According to a study recently published in the Nature Metabolism journal, DNA defects in the energy “factories” of a cell increase the chance of survival in patients suffering from bowel cancer, also called colorectal cancer.
Image Credit: Cancer Research UK.
Investigating how DNA mutations, or errors, can fuel the development of cancer and also allow it to adapt and advance has been a major focus of cancer studies. However, most of that focus was directed toward the DNA present in the nucleus of the cell.
According to experts, the mutations found in DNA beyond the nucleus, that is, in structures known as mitochondria, have been “overlooked for decades,” but this could have a major impact on patient survival.
The investigators believe that in the days to come, this data could be used by doctors to identify patients who are suffering from more aggressive forms of bowel cancer so that the most effective treatments can be given to them.
This work highlights just how much more there is to discover about the inner workings of cancer, and all those breakthroughs for people with cancer we have yet to unlock.”
Michelle Mitchell, Chief Executive, Cancer Research UK
While the majority of the human DNA is enclosed at the core of the cells in the nucleus, people also carry a few of these DNAs in their mitochondria, which are tiny structures found in human cells and help convert carbon fuels, like sugar, into energy. A DNA like this is also prone to mutations (errors).
Although scientists have previously detected mitochondrial DNA mutations in cancer cells, not much research has been done on what these mutations do and whether they have any potential impact on treatment response, or how cancer develops.
According to Dr. Payam Gammage, the co-lead author of the study and group leader at the Cancer Research UK Beatson Institute, the new study sheds more light on the effect of mitochondrial DNA mutations in cancer, which have been ignored for many years.
To address these concerns, scientists from the Cancer Research UK Beatson Institute in Glasgow teamed up with the Memorial Sloan Kettering Cancer Center in New York to collect and assess the information from the biggest published dataset of tumor specimens that contain mitochondrial genome data and the related clinical outcomes in the patients.
The researchers examined the data obtained from 344 patients with bowel cancer and were able to match the mutation groups to the chance of survival. They observed that, after controlling the other variables, such as age, that impact the risk of cancer, the existence of mitochondrial mutations was linked to 57% to 93% reduced risk of death from bowel cancer, based on the type of mitochondrial DNA error.

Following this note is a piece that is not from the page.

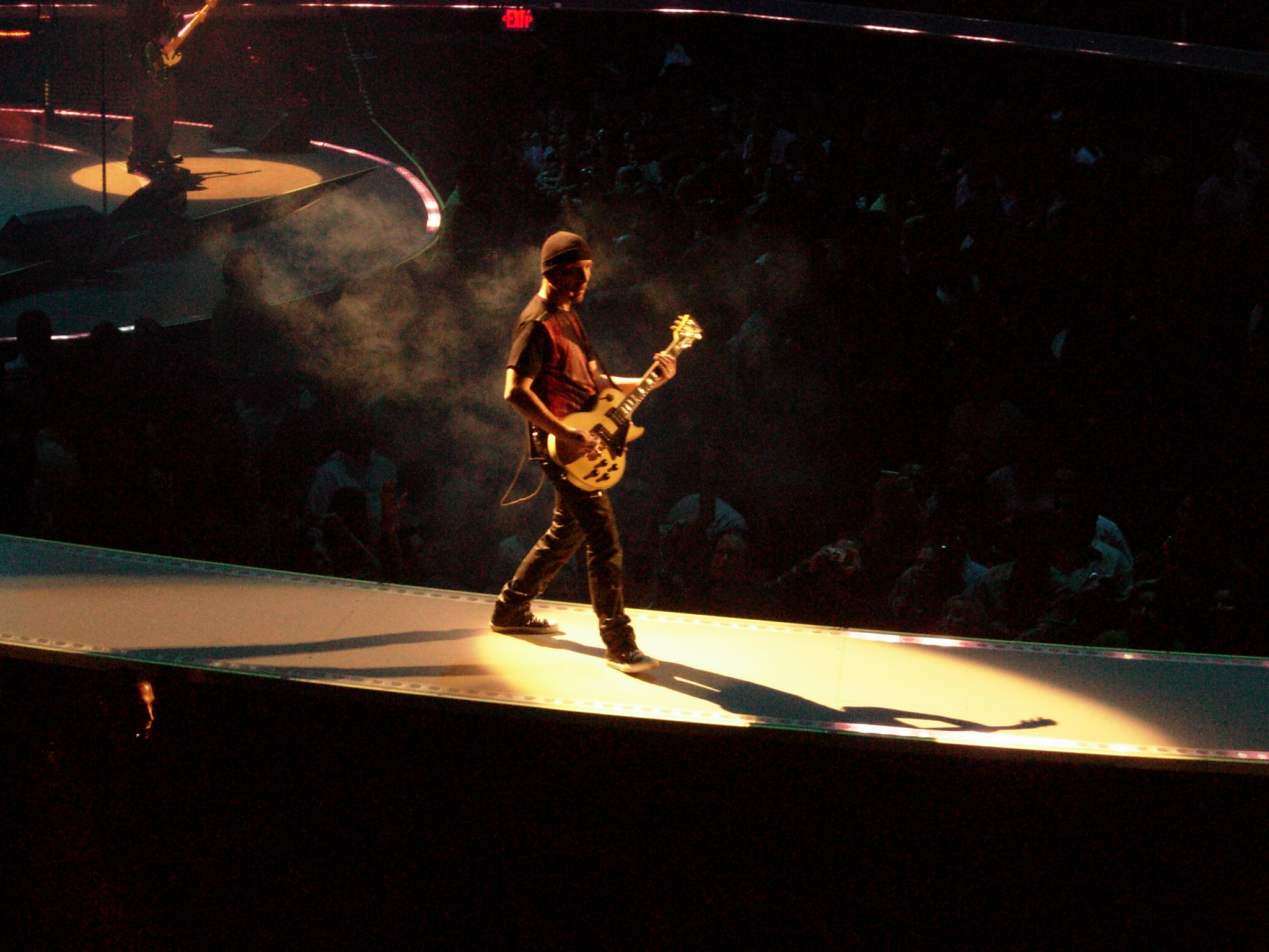 The Edge from U2 on 1 April, 2005 in Anaheim.

This discovery could have a huge impact on patient care, with potential for changes to suggested treatments and a patient’s outlook based upon the mitochondrial DNA status of their cancer. However, further research will be necessary to move these discoveries from the lab to the clinic.”
Dr Payam Gammage, Study Co-Lead and Group Leader, Beatson Institute, Cancer Research UK
“Incredible things can be achieved through research, and the gains are even greater when we collaborate with world-class global institutes like Memorial Sloan Kettering Cancer Center,” Mitchell added.
Beyond bowel cancer
The researchers also wanted to find out how common mitochondrial mutations occur more widely in cancer. They eventually applied advanced genetic methods to inspect the existing data from more than 10,000 tumor specimens across 23 types of cancer to look for frequently repeated mitochondrial mutations.
The team observed that almost 6 in 10 tumor specimens contained mitochondrial mutations, while 25 out of the 30 most commonly mutated genes across different types of cancers were present in the mitochondrial genome.
Such results suggest that mitochondrial mutations are likely to play a crucial role in survival beyond bowel cancer. Additional studies are required to interpret the broader implications of mitochondrial mutations in different types of cancers, and to further investigate the biological basis behind it.
Using data hiding in plain sight, we have shown that a critical piece of the cell’s machinery to make energy is quite often broken in cancers. It now begs the question of how these mutations within mitochondrial DNA might be exploited as drug targets.”
Dr Ed Reznik, Study Co-Lead Author, Memorial Sloan Kettering Cancer Center
Gorelick, A. N., et al. (2021) Respiratory complex and tissue lineage drive recurrent mutations in tumour mtDNA. Nature Metabolism. doi.org/10.1038/s42255-021-00378-8.